Ok, so that was my blurb about cooking too much all the time.  Back to my muffins...Today, I made some with breakfast sausage & cheese and some with chicken, cheese, & chives.  Some of the muffins even have a small piece of regular sausage in it.  I don't remember which one, but it'll be a suprise when I bite into it!  :)  I used the Pillsbury Grands! Flaky Layers-Original 8-ct. (16.5 oz. cans).  It has to be flaky layers or else you can't split them.  I took each biscuit and split them into 3 more layers (giving me 24 pieces of biscuit).  That was enough to fill 24 regular muffin cups.  I wasn't kidding when I said I always make a lot.  I'll be giving some away, eating some for breakfast this week, and maybe freezing some?  We'll see.

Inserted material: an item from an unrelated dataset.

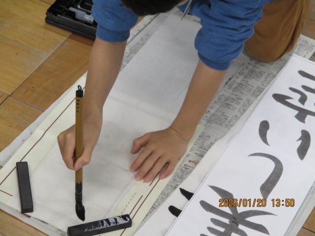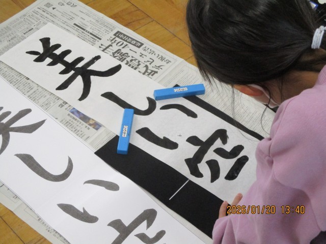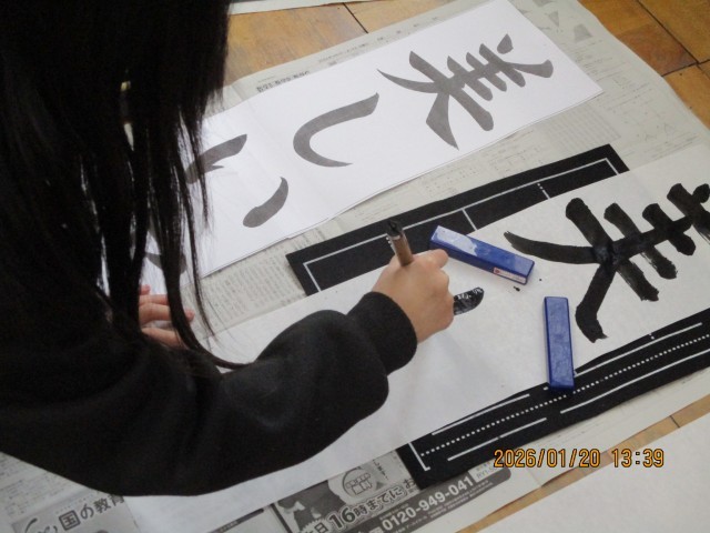 3学期最初の書写の学習は、画仙紙を使って縦長に書きました。

This recipe is easy to make.  It just takes time.  After splitting the layers, stretch out each piece and put them into the pre-sprayed muffin cups to create a biscuit cup.  Fill it with shredded cheese, your meat preference, more cheese, and the egg mixture.  Don't fill the muffin cups too much with the egg mixture or it'll overflow (since the egg puffs up and expands).  When you're finished filling, bake it until it is golden brown and enjoy warm.  You see my pretty biscuit muffins below?  YUM!

24 biscuit muffins

You could try stuffing the muffins with chopped ham or turkey.  Or you could make it vegetarian using cooked spinach, broccoli, zucchini, or whatever ingredients your heart desires.  I think I will try ham and spinach or ham and mushrooms next time.  This is very similar to the quiche I make.  But instead of using canned biscuits for the shell, I buy the pre-made flaky shells found in the frozen section.  I'll save that for another day!
  




Sausage and Cheese Biscuit Muffins
Sausage and Cheese Biscuit Muffins
(Adapted from Cooking with my Kids)

Makes 24 regular muffins

Ingredients:

  • 1 can Pillsbury Grands! Flaky Layers-Original 10 ct. (16.5 oz)
  • 8 eggs
  • 8 tbsp. milk
  • 1 tsp. garlic powder
  • 1 tsp. Italian seasoning
  • salt & pepper
  • shredded cheese
Directions:
  1. Cook the sausages and drain (or veg). (You could precook the night before and store it in the fridge).
  2. Preheat the oven to 400 and spray muffin pans with cooking spray.
  3. Whisk the eggs, milk, garlic powder, Italian seasoning, salt & pepper together and set aside.
  4. Split each biscuit into 3 layers (to make 24). 
  5. Stretch out each piece to cover the muffin cups.  Gently push it down and around the sides.
  6. Sprinkle the muffin cups with a tiny bit of shredded cheese.
  7. Then fill the muffin cups with the cooked meat (or veg).
  8. Top with more shredded cheese.
  9. Scoop the egg mixture evenly into all of the muffin cups.  Don't overfill the cups. (I start off with 1 tbsp. per cups until all are filled.  Then I go back and add a little more until my eggs are gone).
  10. Bake for 12-15 minutes until the biscuits are golden brown and the eggs are set.  Enjoy warm!


Just for Laughs:
Me:  (Taking my Canon out to take this picture.)  "What?!  This is my new hobby."
Hubby:  "Oooo.  I'm a blogger now.  I'm taking pictures." (in a moking tone)
Me:  "Very funny."

1 comment:

  1. LMAO at your "funny". Spinach and mushroom breakfast muffin?? Brilliant!